Effect of CD8+ cell depletion on HIV-1 replication
To understand what would happen if we depleted the CTL control of viral replication in this humanized mouse model of HIV-1 infection and to provide a proof-of-concept that this animal model can be used for such immune manipulations, we used CD8 depletion strategies. CD8+ cell depletion was achieved by using two sequential injections of cM-T807 Abs (s.c. and i.p. within 3 d). Two schemes of depletion were used: 1) 5–7 wk postinfection, as a model of established HIV-1 infection, and 2) 2 wk postinfection to prevent the development of CD8+ cell-mediated antiviral responses and to accelerate the development of neuropathology (S. Gorantla, E. Makarov, J. Finke-Dwyer, A. Castanedo, A. Holguin, C.L. Gebhart, H.E. Gendelman, and L. Poluektova, submitted for publication).
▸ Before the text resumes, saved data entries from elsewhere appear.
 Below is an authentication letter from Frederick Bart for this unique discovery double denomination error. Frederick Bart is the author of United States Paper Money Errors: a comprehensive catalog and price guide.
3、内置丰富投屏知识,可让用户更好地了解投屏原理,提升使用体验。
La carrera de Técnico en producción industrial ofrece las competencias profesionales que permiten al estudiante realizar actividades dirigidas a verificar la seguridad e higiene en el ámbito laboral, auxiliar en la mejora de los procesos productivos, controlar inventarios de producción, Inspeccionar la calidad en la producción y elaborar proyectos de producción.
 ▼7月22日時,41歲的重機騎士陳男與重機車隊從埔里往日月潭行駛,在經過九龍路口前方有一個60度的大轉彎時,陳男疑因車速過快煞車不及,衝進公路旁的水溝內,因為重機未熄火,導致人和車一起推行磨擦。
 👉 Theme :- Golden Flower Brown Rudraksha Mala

To assure that CD8+ cells were not detected in the presence of the chimeric anti-CD8 Ab anti–CD8-RPE clone DK25 Ab was used (27).
Dynamics of CD4+ and CD8+ cells and viral load in blood from two representative uninfected and HIV-infected/CD8 cell-depleted animals engrafted with the same donor cells are shown in Fig. 4A. CD8 cell depletion at 5 wk postinfection increased viral load in circulation and reduced temporarily CD4+ cell number. In spleens of these animals, the percentage of CD4+ cells was 8.7 ± 3.9% and was not different from the number of CD4+ cells in the spleens of HIV-1–infected animals analyzed at 8–10 wk postinfection (11.2 ± 3.2%, n = 5). CD8+ cell-depleted/uninfected animals of similar age and similar total number of human CD45+ cells in spleen (25.2 ± 2.6%, n = 4) analyzed at 1–3 wk postdepletion did not experience loss of CD3+CD4+ cells, but a number of CD8+ cells were significantly reduced to 0.38 ± 2.6% (range 0–1.4%). CD8+ cells reappeared in circulation by 3 wk postdepletion (Fig. 4B) with appearance of a significant number of CD4+CD8+ cells.
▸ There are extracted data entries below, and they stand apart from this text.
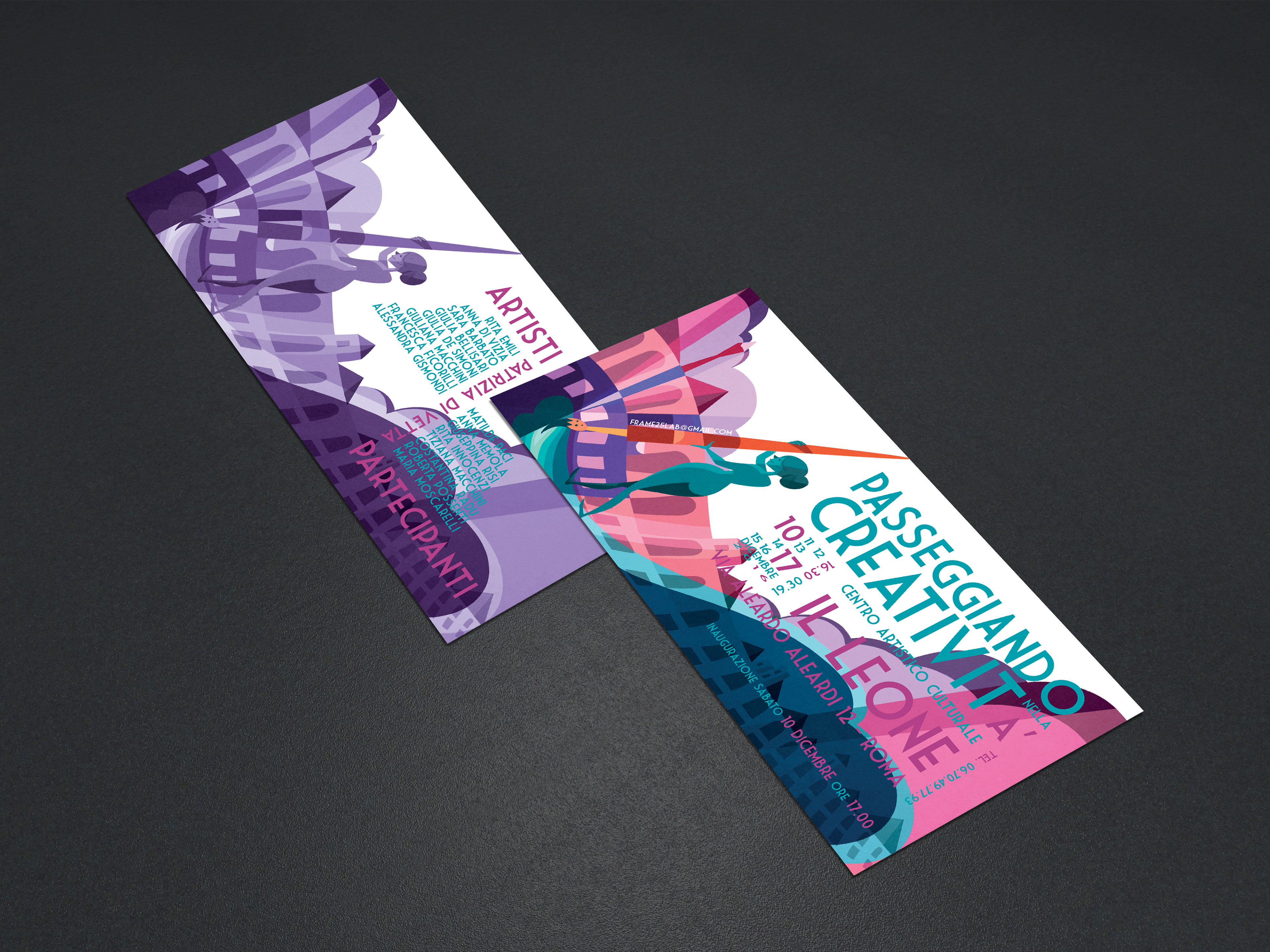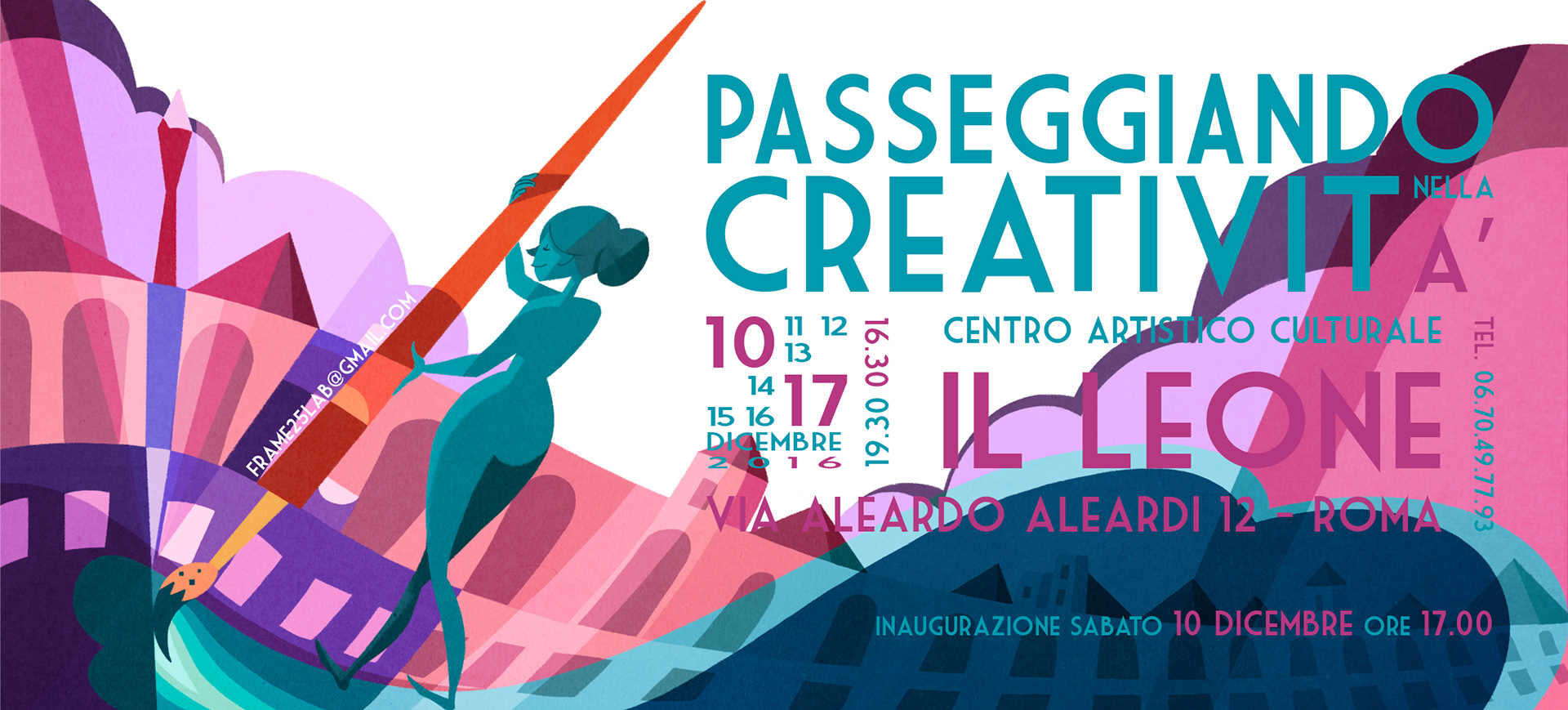 Design of poster and invitations of the exhibition "Passeggiando nella creatività" 2016
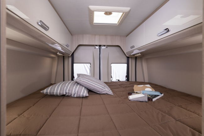 Garaż wyposażony w maksymalną modułowość do transportu nawet większych przedmiotów (na przykład rowerów) dzięki wyjmowanym lub podnoszonym lóżkom. Schowki i schowki pod łóżkami zapewniają elastyczność załadunku. Miejsce na dwie butle gazowe.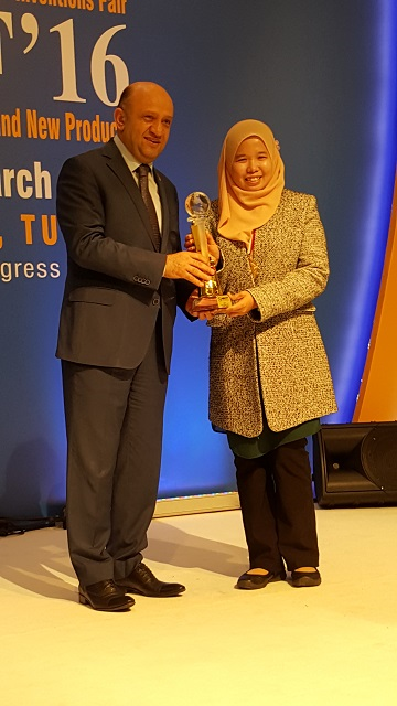 Dr Latifah Munirah Kamarudin Munirah menerima anugerah Grand Prix iaitu anugerah tertinggi ISIF 2016 melalui inovasinya Unisense: Internet of Thing for Multi Sensing, iaitu sistem pemantauan alam sekitar berasaskan awan.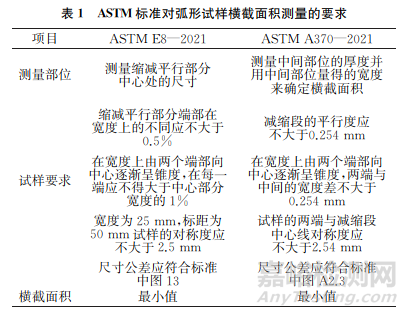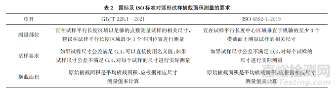 拉伸試驗是材料力學(xué)性能測試中重要的試驗方法之一。室溫拉伸試驗一般是指試樣在室溫環(huán)境,承受軸向拉伸載荷的條件下,測定材料特性的試驗方法。不同的拉伸試驗標(biāo)準(zhǔn)對試樣原始橫截面積測量和計算方法有所不同,ASTM標(biāo)準(zhǔn)(ASTM E8—2021《金 屬 材 料 拉 伸 試 驗 的 標(biāo) 準(zhǔn) 試 驗 方 法》和ASTM A370—2021《鋼產(chǎn)品機(jī)械性能測試的方法和定義》)對弧形試樣橫截面積測量的要求如表1所示,國標(biāo)(GB/T 228.1—2021 《金屬材料 拉伸試驗第1部分:室溫試驗方法》)及ISO標(biāo)準(zhǔn)(ISO 6892-1:2019《金屬材料-拉伸試驗-第1部分:室溫下試驗方法》)對弧形試樣橫截面積測量的要求如表2所示。為了驗證標(biāo)準(zhǔn)要求與實際操作的符合性,蔡煜、殷緒強(qiáng)等研究人員依據(jù)ASTM A 370—2021和GB/T 228.1—2021對鋼管弧形試樣進(jìn)行拉伸試驗,研究了試樣尺寸測量方法對鋼管弧形試樣力學(xué)性能的影響。

Changes in CD4+ and CD8+ cell numbers and the viral load in peripheral blood of four HIV-infected/CD8 cell-depleted mice (at 5–7 wk postinfection and 2 wk after CD8 depletion) and five HIV-1–infected/nondepleted control mice analyzed at the first peak of viremia 5–6 wk and 2 wk later were compared (Table II). When CD8+ cells were depleted in animals with established infection, an increase in viral load was detected in all of the mice with Δlog10 ranging from 0.57–2.3 (p = 0.008, Mann-Whitney U test). In nondepleted mice, declines could be associated with a considerable decrease in CD4+ T cell count in blood. However, in depleted animals, even with lowered CD4+ T cell numbers, a substantial increase in viral load was observed.
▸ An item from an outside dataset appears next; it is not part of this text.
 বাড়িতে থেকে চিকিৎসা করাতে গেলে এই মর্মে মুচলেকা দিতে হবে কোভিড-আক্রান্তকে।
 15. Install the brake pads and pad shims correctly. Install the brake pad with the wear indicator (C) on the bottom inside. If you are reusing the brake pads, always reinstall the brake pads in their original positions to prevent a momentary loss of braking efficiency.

In contrast to the small changes in viral load that were caused by depleting CD8+ cells in mice with established HIV infection (5–7 wk postinfection), depletion of CD8+ cells at 2 wk postinfection had a more profound effect on viral load (Fig. 5B). Only one out of five mice showed significant levels of virus at 2 wk postinfection (m341 had 6.50 log10 viral copies per milliliter and was excluded from statistical analysis). After CD8 depletion, all of the animals exhibited substantial levels of virus in circulation (geometrical mean 5.13 versus 3.70 for all of the nondepleted animals, p = 0.006). The summary of the peripheral viral load values in nondepleted versus CD8+ cell-depleted animals is shown in Fig. 5.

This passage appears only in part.